** COLLECTED MATERIAL follows **
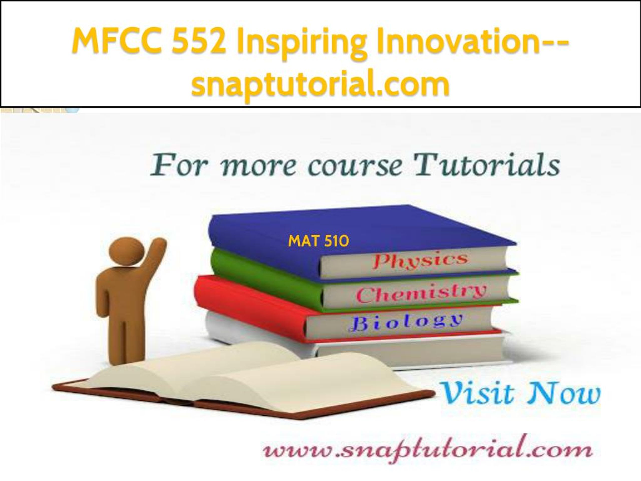 MFCC 552 Inspiring Innovation--snaptutorial.com MFCC 552 Week 8 Learning Team Assignment Emerging Issues Presentation For more classes visit www.snaptutorial.com Select a current or emerging ethics issue in the field of marriage and family therapy. Topics can include, but are not limited to, the following:
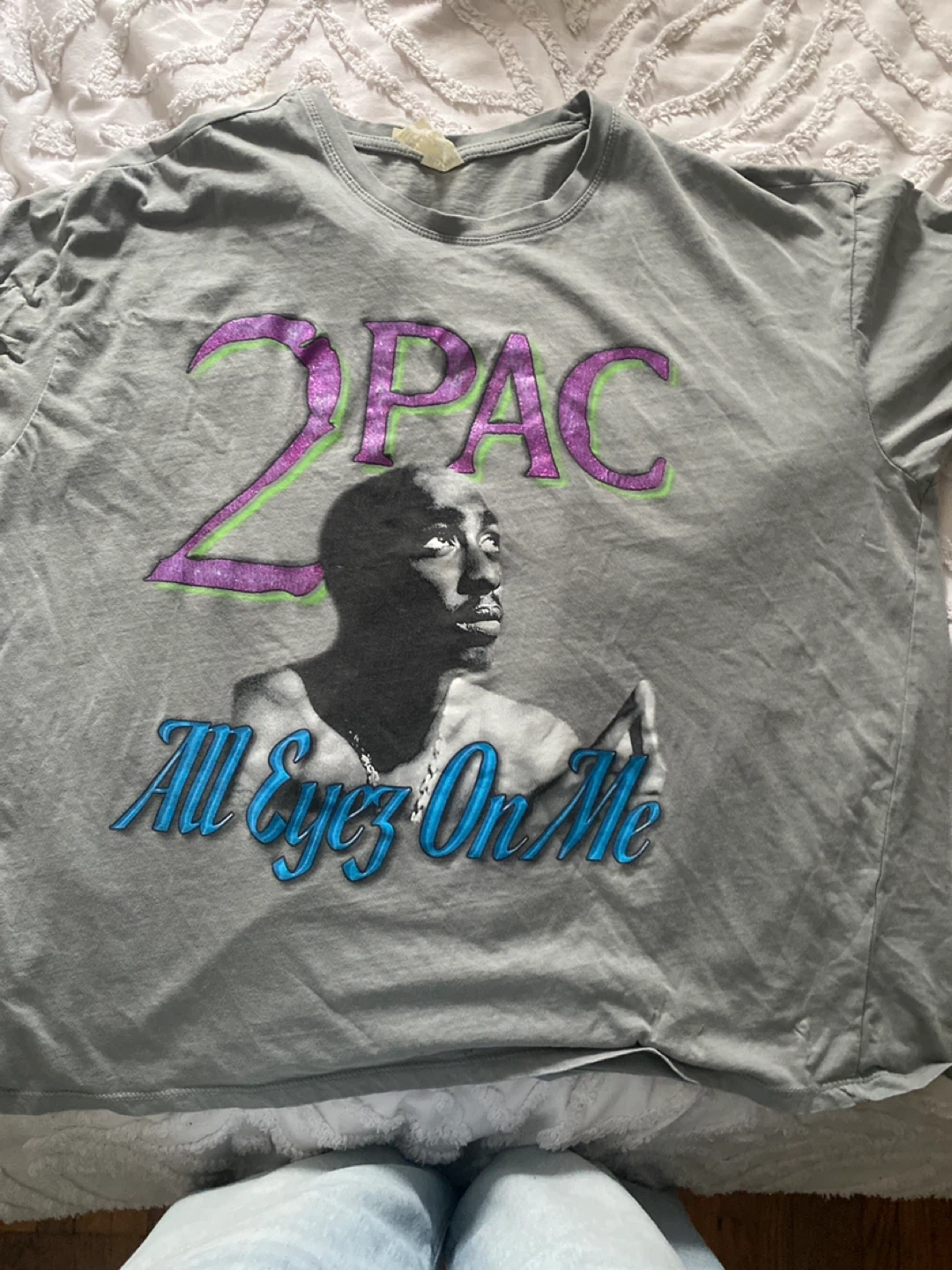 Grey t-shirt featuring a graphic of 2Pac with 'All Eyez On Me' text. Cotton blend material. Great for fans of 90s hip-hop!
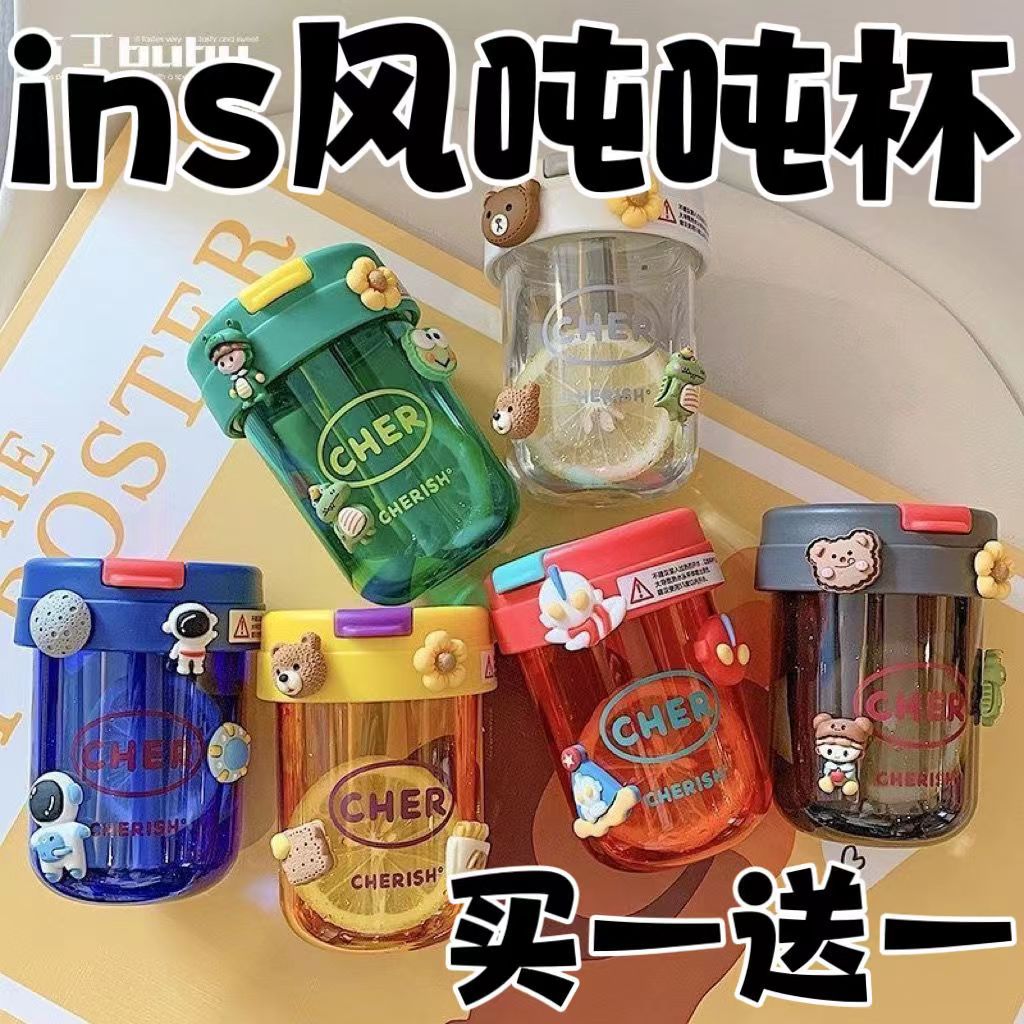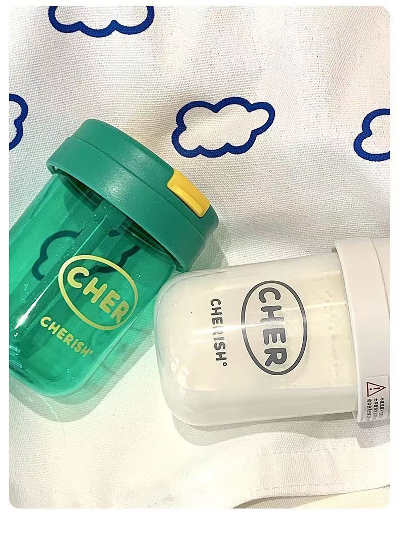 INS simple taza de plástico de alto aspecto lindo mini pequeño estudiante hervidor de agua portátil taza de paja pareja taza portátil
** End of COLLECTED MATERIAL **
* WORK INSTRUCTION:
Please repeat the listing precisely, excluding the pictures it contains.

* SOLUTION FOR THIS EXERCISE:
 MFCC 552 Inspiring Innovation--snaptutorial.com MFCC 552 Week 8 Learning Team Assignment Emerging Issues Presentation For more classes visit www.snaptutorial.com Select a current or emerging ethics issue in the field of marriage and family therapy. Topics can include, but are not limited to, the following:
 Grey t-shirt featuring a graphic of 2Pac with 'All Eyez On Me' text. Cotton blend material. Great for fans of 90s hip-hop!
 INS simple taza de plástico de alto aspecto lindo mini pequeño estudiante hervidor de agua portátil taza de paja pareja taza portátil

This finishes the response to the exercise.